Для нас наиболее интересен последний период жизни Вячеслава Полонского, неоспоримо связанный с Магниткой.
Воспользуемся заметками из его дневников 1920 - 1932 годов, опубликованными в журнале "Новый мир" (№№ 1 - 6, 2008).

На земле Магнитостроя

Запись из дневников, датированная 21 июня 1931 года: "Ездил на три недели в Челябинск и Магнитогорск - на стройку. со мной: Гладков, Малышкин, Пастернак и Сварог...
Малышкин - в вагоне, когда провезли мимо эшелон кулацких семей, зашел ко мне в купе, плакал и говорил: "Ничего не понимаю. Зачем их везут? Куда? Кому это нужно? Неужели надо, чтобы так растаскивали и губили цвет нации, здоровый и красивый народ?"
Из верхнего окна теплушки, вверху - голов десять: и грудные ребята, и девушки лет по шестнадцати, и голова деда, и паренек лет под двадцать. Его спросили: "Кто вы такие?" "Да все кулачье, - смеясь ответил он, - куда везут? Не знаем". И все без злобы. Детишки с любопытством посматривают из окна..." (из воспоминаний моего отца Виктора, раскулаченного, ему тогда было шесть лет:"Раскулачили и нас. Ехали мы в "телячьих вагонах". Я дорогой пытался выглянуть из теплушки, а красноармеец штыком пригрозил: "Заколю!")
... На стройку писатели прибыли в первых числах июля, где пробыли несколько дней.
И вот тут появляются загадки, на которые еще потребуется найти ответы.
В Москве в 1931 году в издательстве "Федерация" печатается книга Полонского "Магнитострой", датированная июнем, а в августовском номере  "Нового мира" за тот же 1931 год выходит журнальный вариант этой книги.
В Магнитке писатели пробыли несколько дней, окунувшись "в лихорадку буден", основательно изучили "кухню"  технологического производства, сделали сотни записей в рекордно короткое время, и практически немедленно после этого последовали вышеуказанные печатные произведения, подписанные Полонским.
Когда же и как успел это сделать Вячеслав Полонский? Сам Полонский, талантливый мастер пера и блестящий публицист, о технологических особенностях производства имел смутное представление, что видно из нескольких рукописных страниц записей Полонского, с которыми я познакомился. Анализ особенностей стиля публициста показывает, что подавляющее число страниц книги написано не Полонским, возможно, по его заданию, с использованием документов, привезенных с Магнитостроя.

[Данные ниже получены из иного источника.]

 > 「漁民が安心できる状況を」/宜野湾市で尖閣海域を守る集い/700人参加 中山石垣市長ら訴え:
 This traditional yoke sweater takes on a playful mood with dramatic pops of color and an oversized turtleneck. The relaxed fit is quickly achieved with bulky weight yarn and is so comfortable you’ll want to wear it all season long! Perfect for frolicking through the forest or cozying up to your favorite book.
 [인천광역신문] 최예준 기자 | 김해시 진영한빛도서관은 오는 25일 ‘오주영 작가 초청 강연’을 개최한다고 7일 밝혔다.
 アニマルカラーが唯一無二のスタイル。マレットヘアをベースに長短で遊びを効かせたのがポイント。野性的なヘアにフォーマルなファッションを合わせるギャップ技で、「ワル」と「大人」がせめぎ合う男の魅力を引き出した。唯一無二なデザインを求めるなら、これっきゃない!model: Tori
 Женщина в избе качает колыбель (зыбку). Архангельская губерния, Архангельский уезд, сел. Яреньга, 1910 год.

Еще одна загадка публициста Полонского. Он педантичен и основателен в ведении дневниковых записей, но последняя заметка в дневнике указывает на 26 января 1932 года. На этом прерывались дневниковые записи публициста.

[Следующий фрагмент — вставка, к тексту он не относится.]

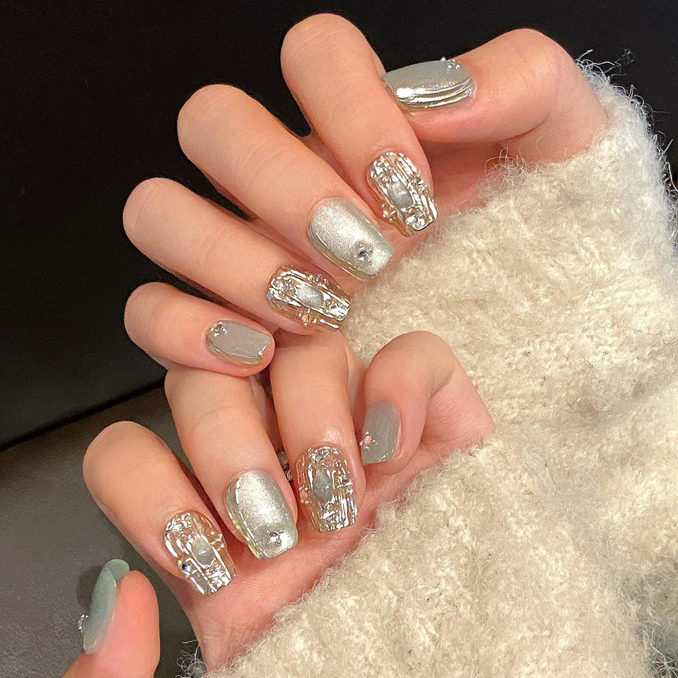 Elegant mint green nails with shimmering gold accents and delicate crystal embellishments evoke a sense of refined luxury. The soft glow and intricate detailing create a dreamy, opulent look—perfect for those who love timeless elegance with a touch of sparkle.
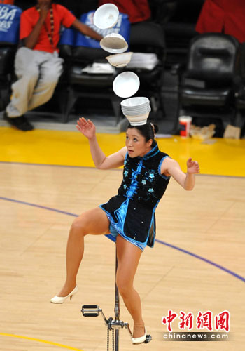 当地时间5月19日晚,在NBA西部决赛第二场比赛中,洛杉矶湖人再次战胜菲尼克斯太阳队,取得二连胜。图为中场休息时,杂技演员表演中国传统杂技“顶碗”为比赛助兴。中新社发 张炜 摄
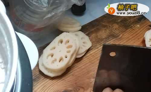 5同时将藕切成薄厚均匀的藕片,不要太厚,不然油炸的时候不容易熟
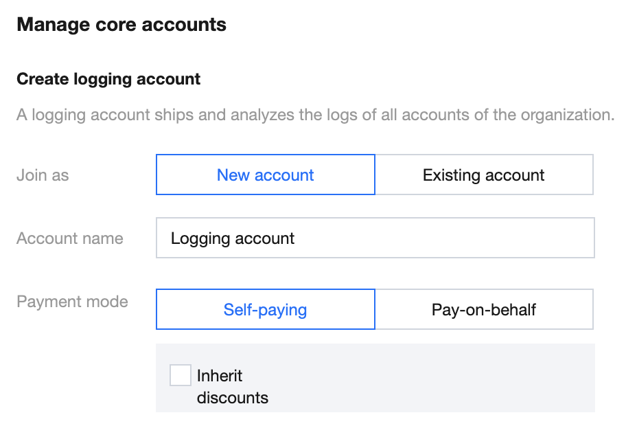 コアアカウントは、すべてのログ配信とクラウドセキュリティ作業の管理に主に使用されます。新規作成または既存のアカウントを選択してコアアカウントを管理できます。このドキュメントでは、Landing Zoneでコアアカウントを設定する方法を紹介します。
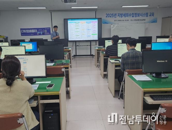 전남투데이 김길룡 기자 | 전남 무안군은 지난 15일 군청 전산교육장에서 부과·징수 담당자 30여 명을 대상으로 ‘2025년 하반기 지방세외수입정보시스템 교육’을 실시했다.

Согласно версии журнала "Новый мир", он "скончался в возрасте 46 лет по дороге из Магнитогорска".
Вызывает недоумение отсутствие ряда записей обязательным публицистом.
Может, это случайность? А в это время он второй, последний раз поехал в Магнитогорск...

Последняя командировка

В январе 1930 года в Магнитогорске   при редакции газеты был создан литературный кружок "Буксир". Литераторы Макаров,Неверов, Завалишин и другие  объединились в "рабочую ассоциацию пролетарских писателей для оказания помощи литературным кружкам и руководства ими с целью призыва рабочих ударников в пролетарскую литературу".

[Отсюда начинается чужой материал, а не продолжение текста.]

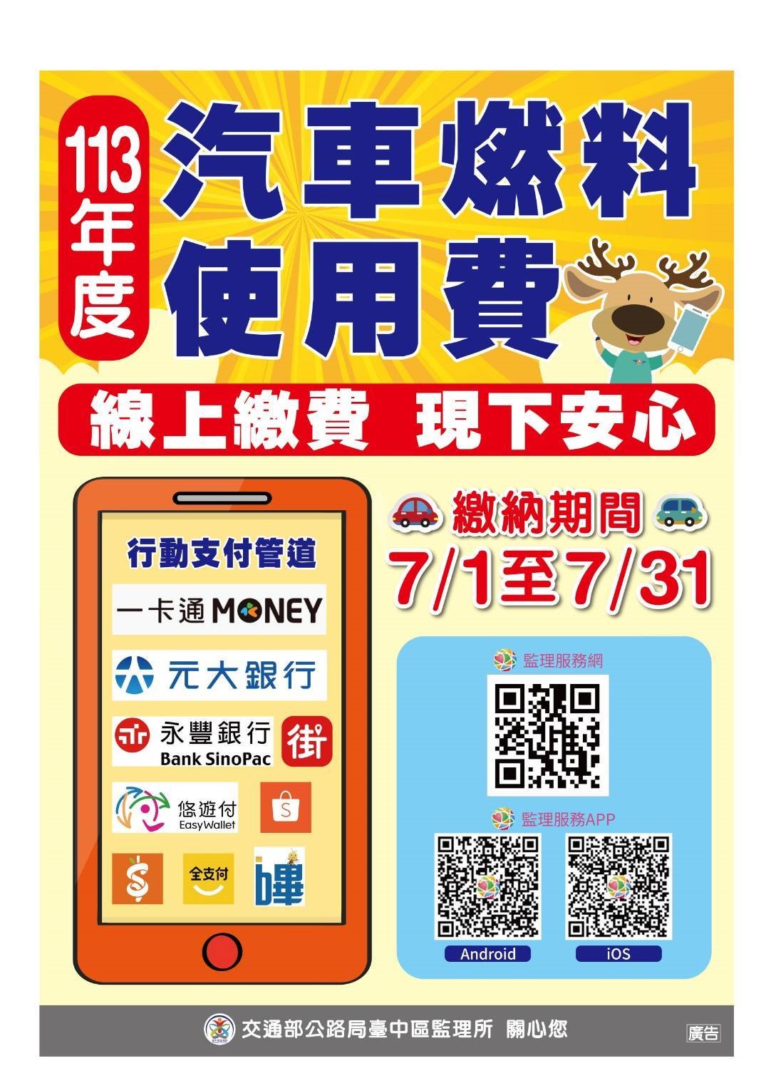 最新公告 113年度多元繳納汽車燃料使用費宣導! 歷史訊息 | 發布日期: 2024/06/20~2024/07/20 | 瀏覽人數: 63人 | 聯絡資訊: 財政課 04-8520149 「『多元繳納汽燃費,線上繳費,現下安心』透過監理服務網、監理服務APP與行動支付繳納113年汽燃費,方便又省時,彰化監理站關心您!」

Сюда Свердловский обком партии, курировавший Уральскую область, включающий в то время и нынешнюю Челябинскую область, и пригласил Вячеслава Полонского прочитать ряд лекций по истории литературы. Это была его последняя командировка.
В справочных изданиях ("Большая советская энциклопедия, "Краткая литературная энциклопедия",ряде публикаций в интернете) местом смерти литератора указываются Москва и другие пункты, названы и несколько различных дат его кончины. Еще одна загадка?
Проведу самостоятельное расследование, основанное на документах и размышлениях.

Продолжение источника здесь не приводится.